Раскрасневшаяся от спиртного Ариэлла молча кивнула обмотанной шалью головой. Не смотря на свои ханжеские сентенции, она тоже отведала вредного напитка, решив из двух зол — водка и обморожение, предпочесть первое.

— Я вспомнил, у русских еще одна привычка имеется! — пьяно прищурился Симон. — Кто допил последний глоток, тому и идти за новой порцией. И называется этот человек — засланец.

— Кто засранец? Это я-то засранец? — обиделась плохо расслышавшая финальное слово Оливия. — Ты, старый хрыч, ври да не завирайся. А то я из тебя такого засранца сделаю, век не отмоешься. Вон, пусть теперь Нат идет — бутылку ищет. А то он так совсем извращенцем заделается — уже минут десять с этой железной псиной взасос целуется. Он у нас теперь кто — зоо-бронзо-некрофил, что ли?

— М-м-м, — возмущенно промычал Нат, не оборачиваясь к пылающей гневом валькирии.

— Ты мне еще помычи, телок! — подбоченилась Оливия. — Совсем без Селестины оборзел и распоясался. Вот вернется худобина, она тебе… — валькирия осеклась и шаткой рысцой бросилась к ангелу, попеременно то охая, то давясь язвительным смехом.

Ангел смотрел на нее ошалело вытаращенными, полными отчаяния глазами. Его мокрые губы намертво прилипли к холодной морде бронзовой собаки.

— Доцеловался! — возмущенно констатировала ангелица, недовольно морща лоб. — И что мне теперь с тобой делать прикажешь, любвеобильный ты наш?

— Смотрится он просто шикарно! Давай оставим его здесь, — предложил Симон, складывая пальцы окошечком и через полученный объектив, с видом ценителя любуясь необычной художественной экспозицией. — Да он же настоящий секс-символ! Геракл, Адонис, Купидон. Самсон, разрывающий пасть догу!

— Молчи лучше, юродивый, а то я тебе самому пасть порву! — схватилась за голову растерянная Оливия. — Не отряд, а стадо идиотов!

Ариэлла рыдала в голос, уткнувшись в плечо плененного возлюбленного.

— И все равно, нужно его как-то отодрать! — пришла к однозначному выводу валькирия, критически разглядывая невезучего ангела и облекая свое решение в столь двусмысленную форму.

Натаниэль изобразил руками беспомощный, возмущенно-протестующий жест. Но Оливия продолжала командовать.

— А ну, все дружно, — требовательно приказала находчивая валькирия, — дышим на место слипания, тьфу — соития, нет — соединения Ната и дога. Авось он оттает!

— Кто, дог? — изумился пошатывающийся Симон, но ангелица настойчиво тянула его за рукав.

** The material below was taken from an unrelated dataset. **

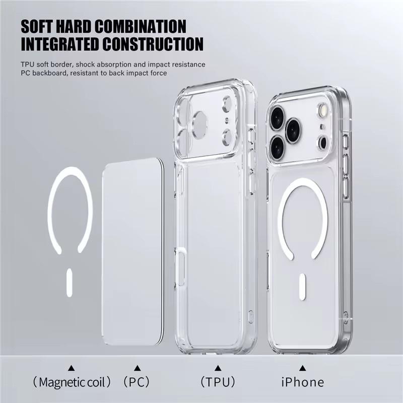 Роскошный прозрачный противоударный магнитный чехол Magsafe для iPhone 17 Air 17Pro 17 Pro Max, беспроводная зарядка, противоударная жесткая задняя крышка

Через некоторое время жаркое, перенасыщенное водочными парами дыхание троих друзей все-таки привело к ожидаемому результату. Натаниэль со страдальческим стоном повалился в снег, оставляя на морде дога ошметки кожи со своих истерзанных губ. Оливия возвышалась над ним в роли наставницы и спасительницы, насупив брови и скорчив зверское лицо.

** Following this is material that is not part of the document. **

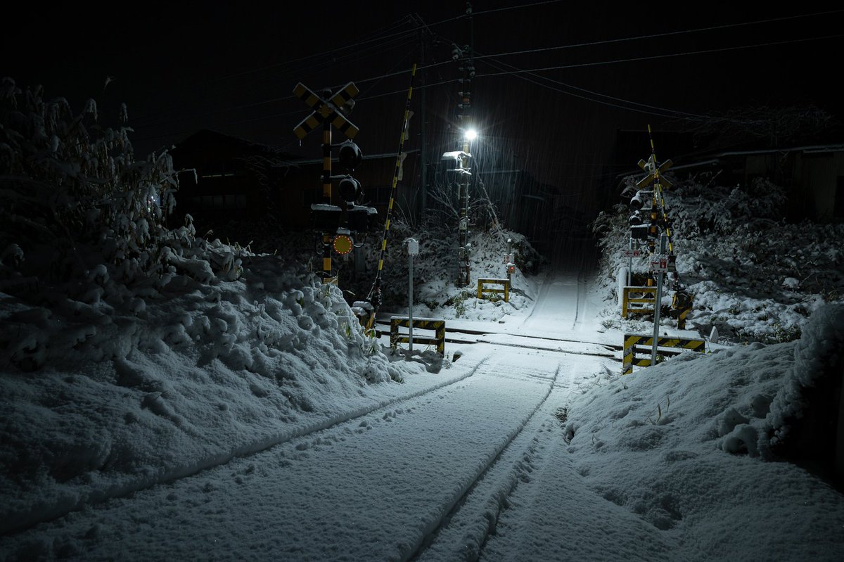 何もない空間に浮かぶ踏切が タイヤ痕で現実と繋がる。

— Может, пойдем отсюда? — жалобно попросил разом протрезвевший ангел. — А то холодно тут, темно и страшно. А вдруг Селестина и не придет вовсе?

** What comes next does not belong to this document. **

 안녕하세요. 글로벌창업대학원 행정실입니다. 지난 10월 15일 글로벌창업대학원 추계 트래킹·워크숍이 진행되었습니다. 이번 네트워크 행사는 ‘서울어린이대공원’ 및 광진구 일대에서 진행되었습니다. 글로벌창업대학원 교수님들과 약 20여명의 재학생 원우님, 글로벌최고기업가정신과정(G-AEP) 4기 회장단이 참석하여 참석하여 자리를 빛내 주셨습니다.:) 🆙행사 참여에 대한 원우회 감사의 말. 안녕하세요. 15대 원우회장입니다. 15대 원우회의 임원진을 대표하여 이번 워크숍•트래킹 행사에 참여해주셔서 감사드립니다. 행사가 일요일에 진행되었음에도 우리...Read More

— Придет! — уверенно пообещала валькирия, вытаскивая из кармана куртки сотовый телефон. — Ты же сам видел, она мне сообщение прислала, — девушка простучала по кнопкам, выводя на дисплей текст эсмээски. — Вот! — она ткнула трубку под нос Натаниэлю.

— «Ждите меня на кладбище. Принесите Грааль. Селестина», — наверное, в сотый раз прочитал ангел. — Да помню я, помню. Но ты уверена, что это пришло именно от нее?

— Уверена, — нахмурилась ангелица. — Хоть номер телефона отправителя и не высветился, но я знаю — писала она. Я эту симкарту совсем недавно купила и номер никому, кроме худобины, не сообщила. Так что это точно она!

Натаниэль вздохнул. Они прибыли на кладбище Святого Христофора около двух часов назад, ведомые Оливией, безоговорочно убежденной в собственной правоте. За истекшее время они успели замерзнуть чуть ли не до полусмерти, выжив только благодаря найденной валькирией бутылке водки и нескольким зачерствевшим бутербродам. Они не отходили далеко от ворот, боясь разминуться с рыжей экзорцисткой. Но Селестина все не появлялась.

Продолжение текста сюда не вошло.